Diferencias entre el Zeitgeist Gerencial y otros enfoques
Si bien estudiamos las características que resaltan Tapscott & Caston en cuanto a las diferencias entre la organización piramidal y la ONO, es fácil entonces ampliar el escenario y agregar al Zeitgeist Gerencial para observar más claramente las diferencias entre ellas, como se muestra a continuación:

  ORGANIZACION
PIRAMIDAL PLANA (ONO) ZEITGEIST (CIRCULAR)
ESTRUCTURA Jerárquica Interconectada Interrelación
ALCANCE Interno/cerrado Externo/abierto Interno/externo/abierto
RECURSO PRINCIPAL Capital Personas/información Personas/manejo de la información
ESTADO Estable, estástico Dinámico/cambiante Expansivo/global
PUNTO CENTRAL Directivos Profesionales Especialistas
MOTIVADORES CLAVES Premio, castigo Compromiso Involucramiento
DIRECCION Controles administrativos Autoadministración Autogestión intradisciplinaria
BASES DE ACCION Control Autorización para actuar Poder de decisión
MOTIVACION INDIVIDUAL Satisfacer a los superiores Lograr objetivos en equipo Aprendizaje y perfeccionamiento
APRENDIZAJE Trabajos específicos De muchas capacidades Coincidencia de resultados
COMPENSACION Por jerarquía Por compromiso/competencia Por nivel de participación/valor
BASES DE RELACION Competitiva (mi grupo) Cooperativa (nuestro desafío) Integración de metas (nuestra empresa)
ACTITUD DEL EMPLEADO Indiferencia Identificación Proactividad
EXIGENCIAS PRINCIPALES Administración dominante Liderazgo Trabajo en equipo
COMUNICACION Vertical (hacia abajo) Vertical (bidireccional) Multidireccional
RETROALIMENTACION Escasa Tardía Inmediata

La comunicación en el Zeitgeist
La comunicación presenta un cambio radical: en la estructura piramidal se presenta como una cascada, donde los integrantes de la organización luchan contra la corriente en un infértil intento por hacerse entender o ser tomados en cuenta.

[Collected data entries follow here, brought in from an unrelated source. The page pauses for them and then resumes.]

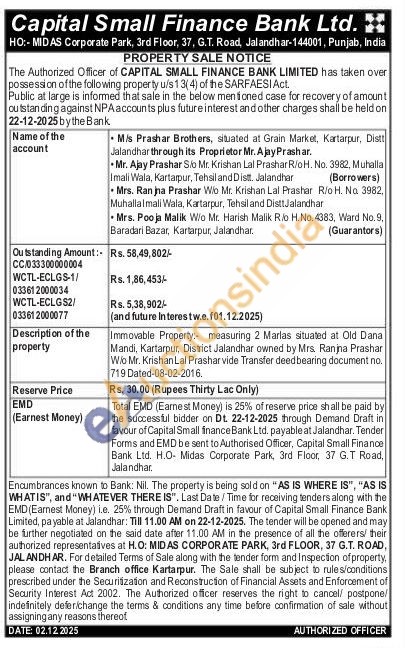 Immovable Property: measuring 2 Marlas situated at Old Dana Mandi, Kartarpur, District Jalandhar owned by Mrs. Ranjna Prashar W/o Mr. Krishan Lal Prashar vide Transfer deed bearing document no. 719 Dated-08-02-2016,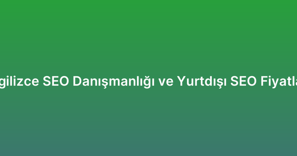 Yabancı pazarlara açılmak isteyen Türk işletmeleri için İngilizce SEO danışmanlığı, dijital dünyada başarıya ulaşmanın anahtarıdır. Global rekabet ortamında, etkili uluslararası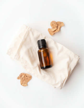 mockup glass bottle Essential oil or serum cosmetics with eucalyptus branches on textured white background with copy space top view. Brown glass cosmetic bottle. Wood decor driftwood.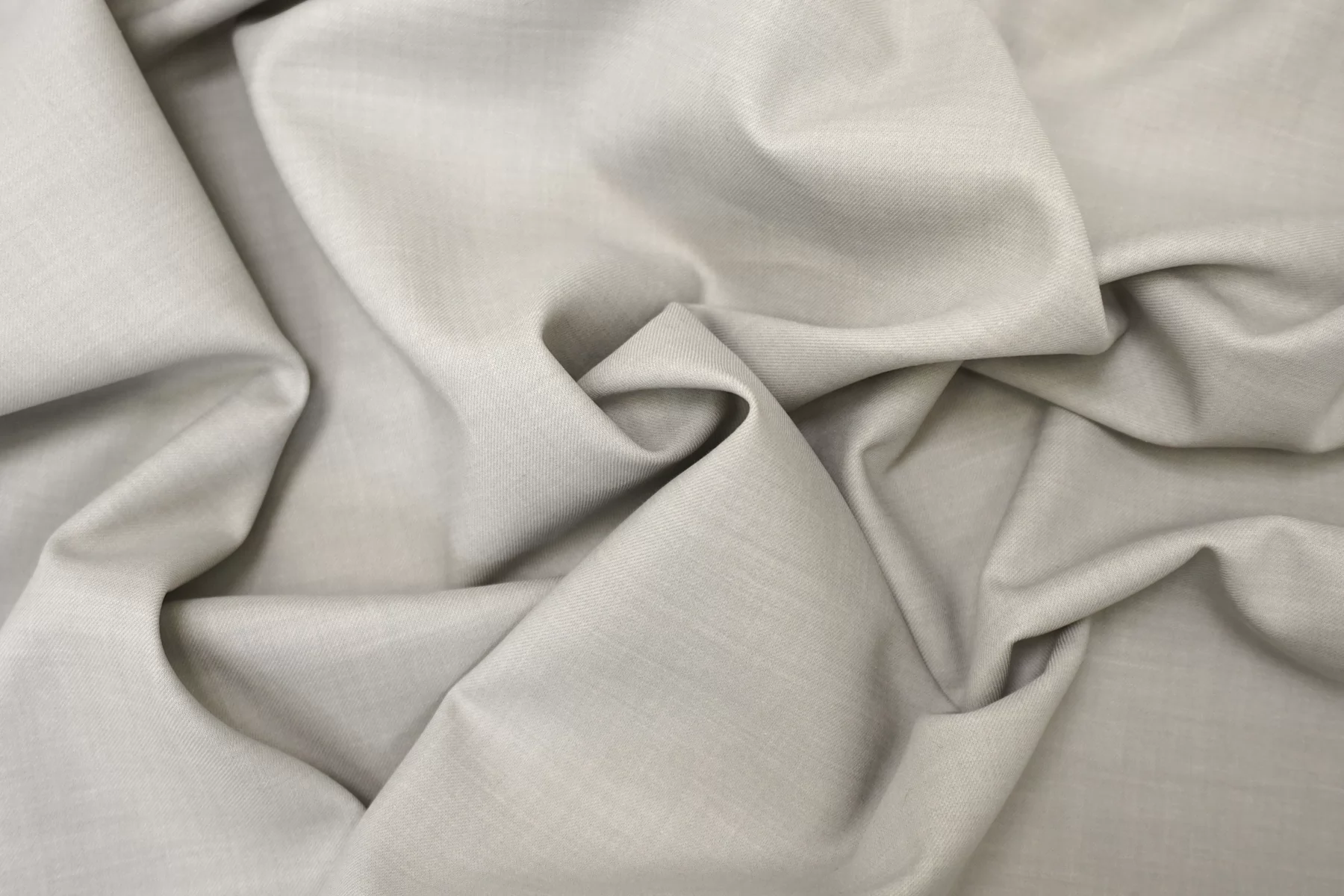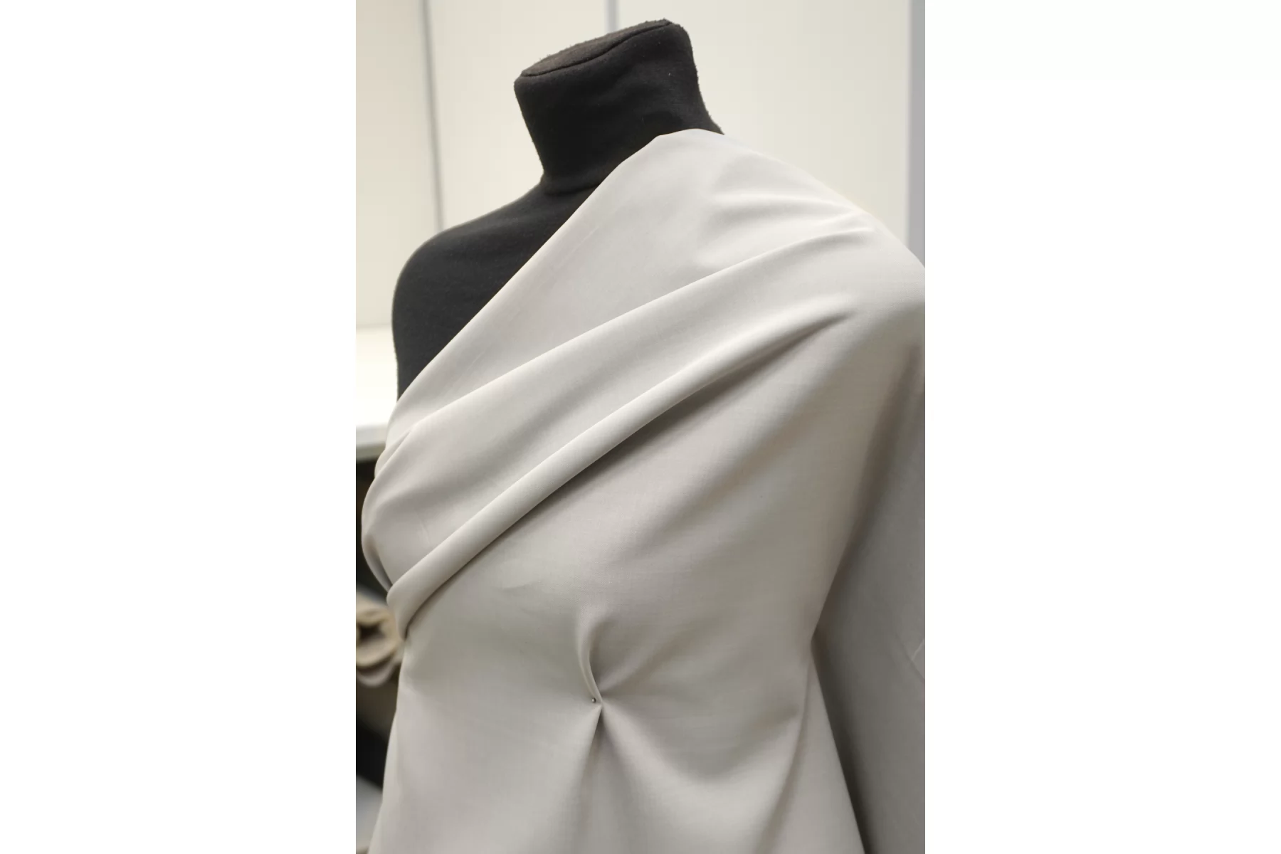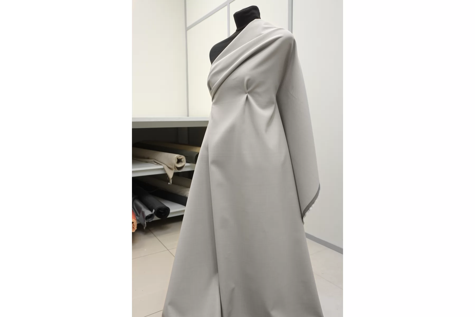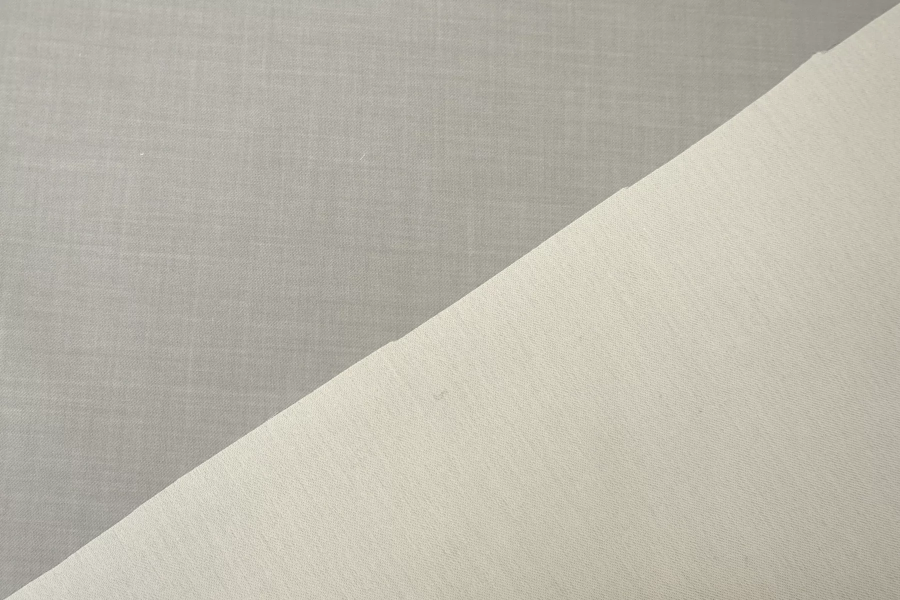 Хлопок костюмно-плательной плотности, одна сторона тёплая серая, другая светло-бежевая. Плотный, с упругой пластикой. Пластичный, тянется. Мнется умеренно. Не просвечивает силуэт. Подойдет для необычных жакетов, юбок, формодержащих платьев. Уход деликатный.

Por lo tanto, la retroalimentación es escasa o nula, los de mayor rango ordenan y los demás obedecen, independientemente que se fomente una política de comunicación. La situación en las empresas de estructuras planas presenta una situación similar: los niveles jerárquicos son pocos, así como los supervisorios, pero los subordinados crecen, los canales de comunicación son reducidos y no alcanzan a cubrir todos los requerimientos con fluidez.

El Zeitgeist Gerencial permite una comunicación abierta, directa, inmediata y multidireccional. Al prescindir de las jerarquías tradicionales, la información no requiere de barreras ni filtros y la respuesta se obtiene casi inmediatamente después de recibirse el requerimiento.